Я поднял глаза и увидел улицу и два смутных силуэта вдали, но они тут же исчезли,
растаяли, как гаснет картина на сетчатке закрытых глаз. Остался только тихий шелест
черных одежд, шорох камешков под ногами и пустынная ночь. Я сидел на мостовой и
задыхался, пот градом катил по лбу и щекам. Я огляделся и посмотрел вверх - на узкую
полосу неба между домами. И вдруг от темной стены медленно отделилась тень. Я разглядел
слабое сияние волос, белое застывшее лицо. Странное и загадочное лицо, не такое худое и
мрачное, как у первого вампира. Большие темные глаза спокойно смотрели на меня, губы не
шевельнулись, но я услышал шепот:
     "С тобой все в порядке?"
     Но я уже стоял на ногах, готовый к нападению. Он не двигался, словно врос в стену. Я
напряг зрение и увидел, что незнакомец шарит в нагрудном кармане жилета. Он достал и
протянул мне визитную карточку, ослепительно белую, как и его пальцы. Я не шевельнулся.
     "Приходи завтра вечером, -услышал я тот же шепот. Тень скрывала его гладкое,
бесстрастное лицо. - Я не сделаю тебе ничего дурного, и тот, другой, тоже. Я не позволю
ему".
     И он проделал трюк, знакомый каждому вампиру: его рука точно оторвалась от
неподвижного тела и вложила карточку в мои пальцы, и багровые буквы вспыхнули под
лучом фонаря. В мгновение ока темная фигура по-кошачьи вскарабкалась на крышу и
исчезла.
     Я остался один и прочитал надпись на карточке. Оглушительный стук моего сердца
эхом разносился по узенькой улочке. Я хорошо знал адрес, часто ходил в театры на той же
улице, но название изумило меня до крайности: "Театр вампиров". Внизу было указано
время - девять часов вечера.
     Я перевернул карточку и обнаружил приписку: "Приводи с собой очаровательную
малютку. Мы будем рады встрече с вами. Арман".

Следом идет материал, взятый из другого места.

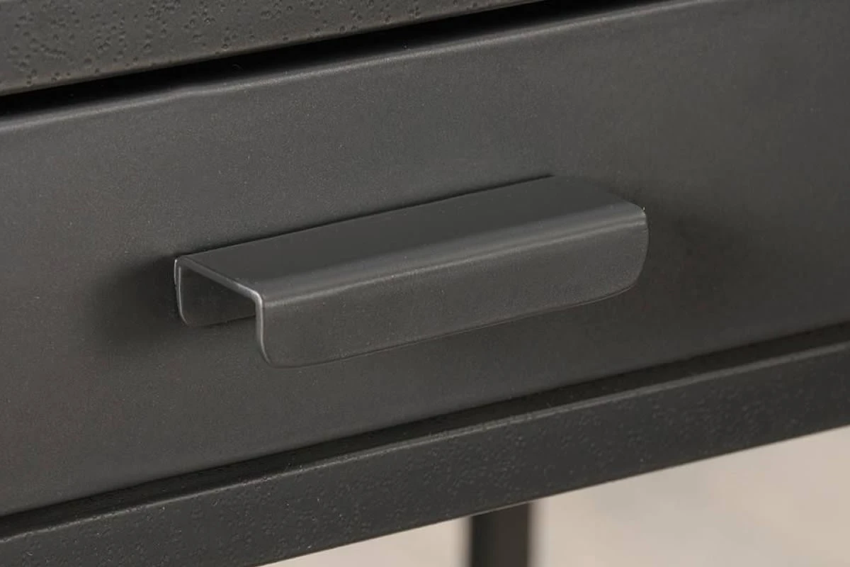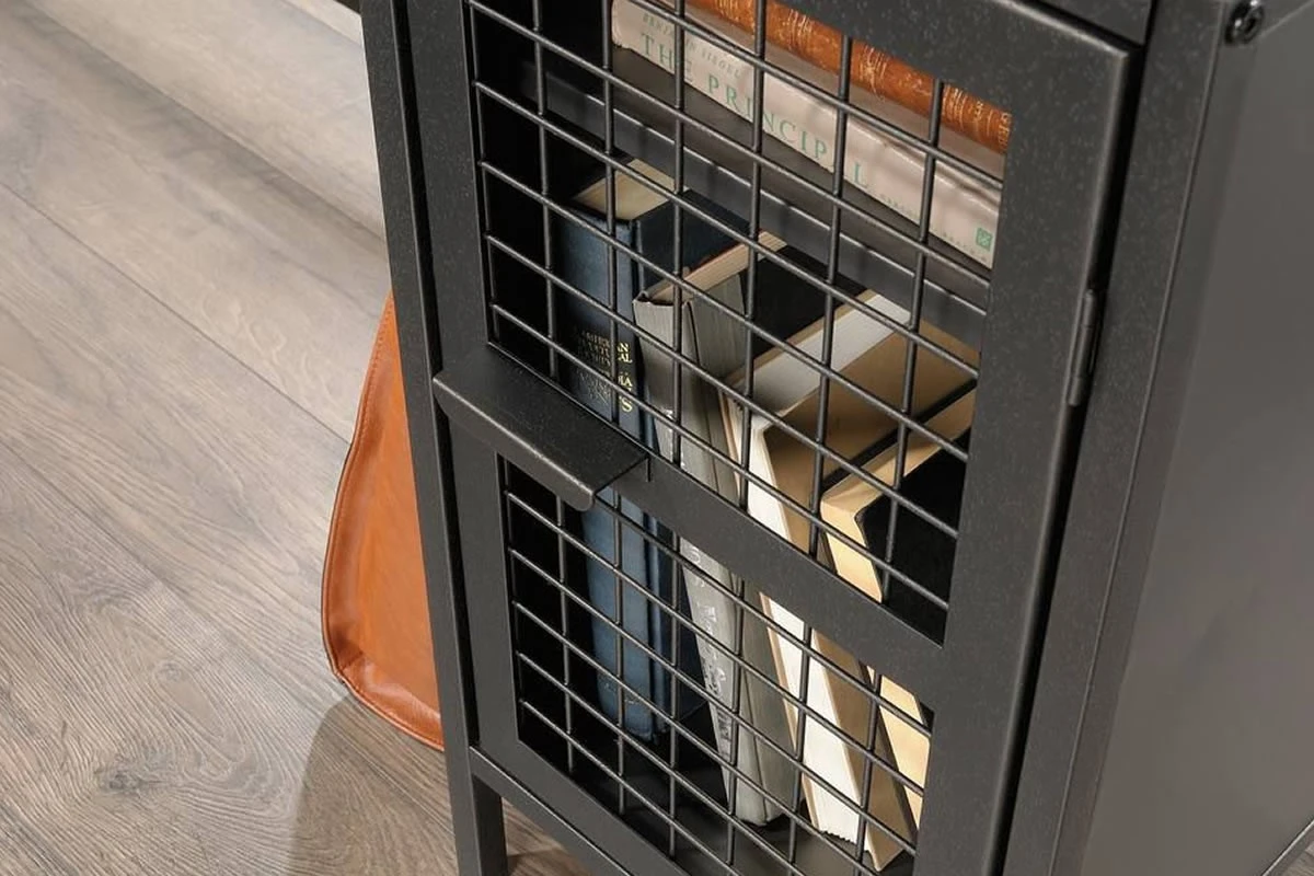 There are two storage drawers with full extension slides to stash all manner of desking stationery as well as an adjustable shelf discreetly hidden behind a metal door with a wire mesh front, all finished in sleek black.

     Я не сомневался: приписка сделана рукой того, кто вручил мне приглашение. До
рассвета оставалось совсем мало времени, нужно было добраться до гостиницы и рассказать
обо всем Клодии. Я так быстро бежал по ночным улицам и бульварам, что редкие прохожие
не успевали заметить промчавшейся мимо тени.
     
     В Театр вампиров пускали только по приглашениям. Швейцар внимательно изучил
мою карточку, прежде чем пустить нас внутрь. Шел дождь. Мужчина и женщина мокли у
закрытой билетной кассы; на сморщенных афишах вампиры в накидках, похожих на крылья
летучих мышей, тянули руки к обнаженным плечам своих жертв; многочисленные пары
спешили войти в переполненное фойе. Я сразу увидел, что в толпе только люди. Ни одного
вампира, кроме нас. Даже швейцар оказался человеком. Мы вошли в театр и очутились в
самой гуще светской болтовни и мокрых плащей, женские руки в перчатках поправляли
широкие поля шляп и влажные локоны всех цветов и оттенков. Полный лихорадочного
возбуждения, я протиснулся в тень, поближе к стене. Мы с Клодией уже утолили голод, но
только затем, чтобы наши глаза не горели слишком откровенно, а лица не выглядели
чересчур бледными на оживленной и ярко освещенной улице. Поспешно выпитая кровь
только растревожила меня, но у нас не было времени. Эта ночь предназначалась не для
убийства. То была ночь откровений, чем бы она ни закончилась. Это я уже твёрдо знал.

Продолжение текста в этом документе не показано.